# WWYD: Aggressive rooster - Coq Au Vin or no??



## MiJodsR2BlinkinTite (23 February 2015)

I've got this gorgeous Light Sussex Rooster, he is a very handsome chap and is a fantastic specimen, but this evening when I went in the pen to check the egg-boxes the bleddi thing flew at my legs - it wasn't just a little flutter either, he really meant it!! 

Come to think of it, its not the first time he's done it either, tho' before when I have noticed it, it hasn't been anything like as vicious as today's assault was. Luckily I was wearing tough waterproof leggings - it might not be so funny in the summer when I wouldn't be wearing as much clothing or even going out there bare-legged.
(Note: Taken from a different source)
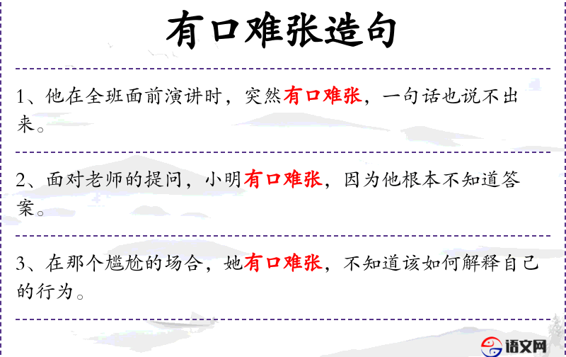 3. 【有口难张】 有话不便开口说或不敢说。

He's a lovely chap, and (Oh Dear) we've given him a name............

BUT: every instinct I have tells me that this aggression is only going to get worse. He's got plenty of hens out in the pen to keep him amused, and is well fed and cared for. I'm really not sure if I can tolerate an aggressive bird like this. Luckily there are no children here for him to fly in their eyes........ but I really didn't like this little incident and wonder if his days should be numbered. The other thing is that I've bred from him and don't want this aggressive trait to be in his offspring. 

So peeps: verdict please. What should be done with this errant bird?

WWYD??

Coq Au Vin - or keep??


----------



## Clodagh (23 February 2015)

Coq au vin. I operate a one strike and you are out rule I'm afraid.l It is just starting to come into the breeding season - he will only get worse.


----------



## Evie91 (23 February 2015)

Watching with interest - mine attacks me on a regular basis, but he does a good job in looking after the hens.......


----------



## Thriller (23 February 2015)

Sorry. It would be getting the short end of the stick if it was here.


----------



## Dry Rot (23 February 2015)

Get another, bigger, cockerel.

If you insist on calling him a "rooster" you are getting exactly what you deserve! As I keep reminding people on here, we are BRITISH!
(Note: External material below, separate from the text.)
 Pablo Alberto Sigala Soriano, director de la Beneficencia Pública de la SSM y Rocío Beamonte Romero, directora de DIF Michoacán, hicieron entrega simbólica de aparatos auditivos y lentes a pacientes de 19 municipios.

And did you mean cock oh vine, per chance??


----------



## Amymay (23 February 2015)

Yep. Knock it on the head.


----------



## Thriller (23 February 2015)

amymay said:



			Yep. Knock it on the head.
		
Click to expand...

Literally


----------



## WelshD (24 February 2015)

I breed chickens and can have up to 50 cock/cockerels at any one time

My thinking is that there are plenty of nice birds out there and I don't tolerate a genuinely nasty one if I can help it. They will of course want to protect their females as breeding season approaches, its only natural and normal feistiness should be expected and tolerated  but there are limits to what I see as acceptable. 
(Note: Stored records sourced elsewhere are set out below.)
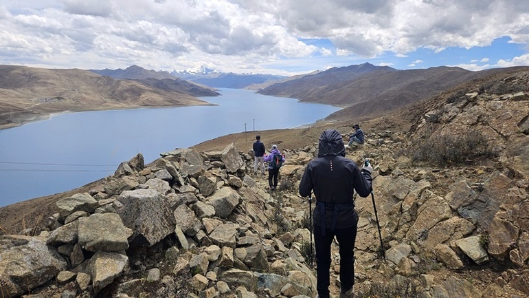▲ 설산과 어우러지는 얌드록쵸를 따라 내려오며 트레킹을 합니다.
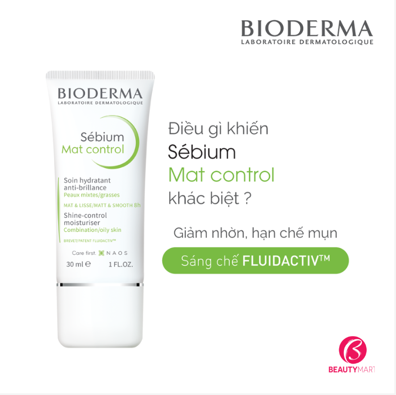 Kem dưỡng ẩm Bioderma Sebium Mat Control nhận được bằng sáng chế Fluidactic sinh học normalises về kiểm soát chất bã nhờn và ngăn ngừa tắc nghẽn các lỗ chân lông.
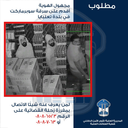 تُعمّم المديريّة العامّة لقوى الأمن الدّاخلي بناءً على إشارة القضاء المختصّ، صورة شخص مجهول الهويّة أقدم بتاريخ 02-06-2025 على الدّخول إلى سوبرماركت في بلدة تعلبايا، وسرق من داخلها أموالًا وبضائع قُدِّرت قيمتها بـ5،000 دولار أميركي.
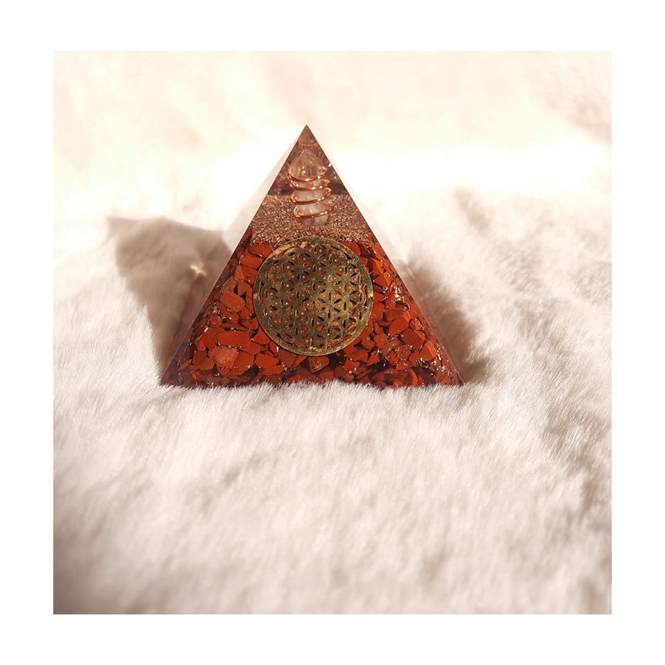ชิปอัญมณีแกะสลักทรงปิรามิดสีแดงสำหรับการป้องกันและเพิ่มพลังงาน

You can tone down the worst behaviour by showing the bird that you are boss, if I have a particularly valuable (monetary or breeding-wise) male I will tuck him under my arm and carry him around while I do chores, this does work if done consistently, they aren't too keen to draw attention to themselves longer term! I have used water pistols and brooms to prove my point before too

When all else fails they get the company of the other law breakers in the freezer!


----------



## MiJodsR2BlinkinTite (24 February 2015)

WelshD said:



			When all else fails they get the company of the other law breakers in the freezer!
		
Click to expand...

Hee hee hee LOL, luvvit ^^^


----------



## Happy Hunter (24 February 2015)

Would you send your granny in there?

No?  - Freezer it is then!

p.s. My Nana would karate kick the blighter  anyway!


----------



## Roasted Chestnuts (24 February 2015)

I would give him the chance to learn (the hard way) the error of his ways but after a few punts if he is not respecting your space then wring it's neck and move on.


----------



## MotherOfChickens (24 February 2015)

I've only had one that I couldnt 'sort'. Its a shame because its just natural behaviour and we put them in an unnatural environment usually. But, the bigger they get the more it hurts and if you have ankle biters around its not worth the risk. I currently have 5 cock birds and all are fine. I also have a muscovy drake who's learning that I am not 'that' into ducks  (muscovies have claws so its definitely not something to be tolerated).
If its to be sorted it has to be the first time they look at you funny, and you do not back down or walk away until after they do.


----------



## ribbons (28 February 2015)

Trouble is he will get worse.

 At a stud yard I worked on more than 40 years ago, there was one that attacked ankles. He gained confidence and got cockier (pun intended  ) every day. 
In the end he was leaping almost face level and often knocked tea and coffee from people's hands. 
The boss grabbed him one day, and plunged him into the water trough, held him under for a few seconds then released him.
That cockerel did a runner at the mere sound of the boss arriving after that but continued his assault on everyone else.
He ended up in a casserole, very tasty he was too.


----------



## tda (28 February 2015)

Yes, tasty dinner it is! - dustbin lid in the meantime to keep him away from your ankles


----------



## Alec Swan (8 March 2015)

Overly aggressive cockerels generally end up with a wrung neck.  Whether they're curried,  fed to the dogs or thrown over a hedge,  is dependent upon the mood at the time.

Alec.


----------



## Evie91 (8 March 2015)

Mine is beautiful but horrible. He attacked me last week - through jeans, socks, waterproof trousers and wellies and I still had a cut and bruise and hole in my wellies!
I've kicked him and he comes back for me. I throw water at him which works for a while but now he has learnt when I'm not carrying it. He attacked my dad on Friday. My niece visits regularly and I worry he will attack her (she's two), trouble is when I say I'm going to get him dispatched my family make me feel guilty!
I'm vegetarian but think he needs to go; can't find anyone to do the deed though!


----------



## Clodagh (9 March 2015)

Evie, he could scar your neice for life. C'mon girl! I do have contact details for someone in the Midlands who rehomes unwanted birds, I have no guarantees where they end up though. I suspect, cynic me, in a curry!


----------



## flirtygerty (9 March 2015)

I had an aggressive Black Rock cockeral, I started shooing him off with my hands when he first started, about a week later he launched a full scale attack, I booted him down the run and he came back, neither of us were willing to back down, we ended up in the hen house, too tired to do anything but glare at each other, both puffing and panting, this thing would even scare the dog, but never attacked my OH, I asked the farmer to do the deed, but the thing ended up being re homed, vicious beggar he was


----------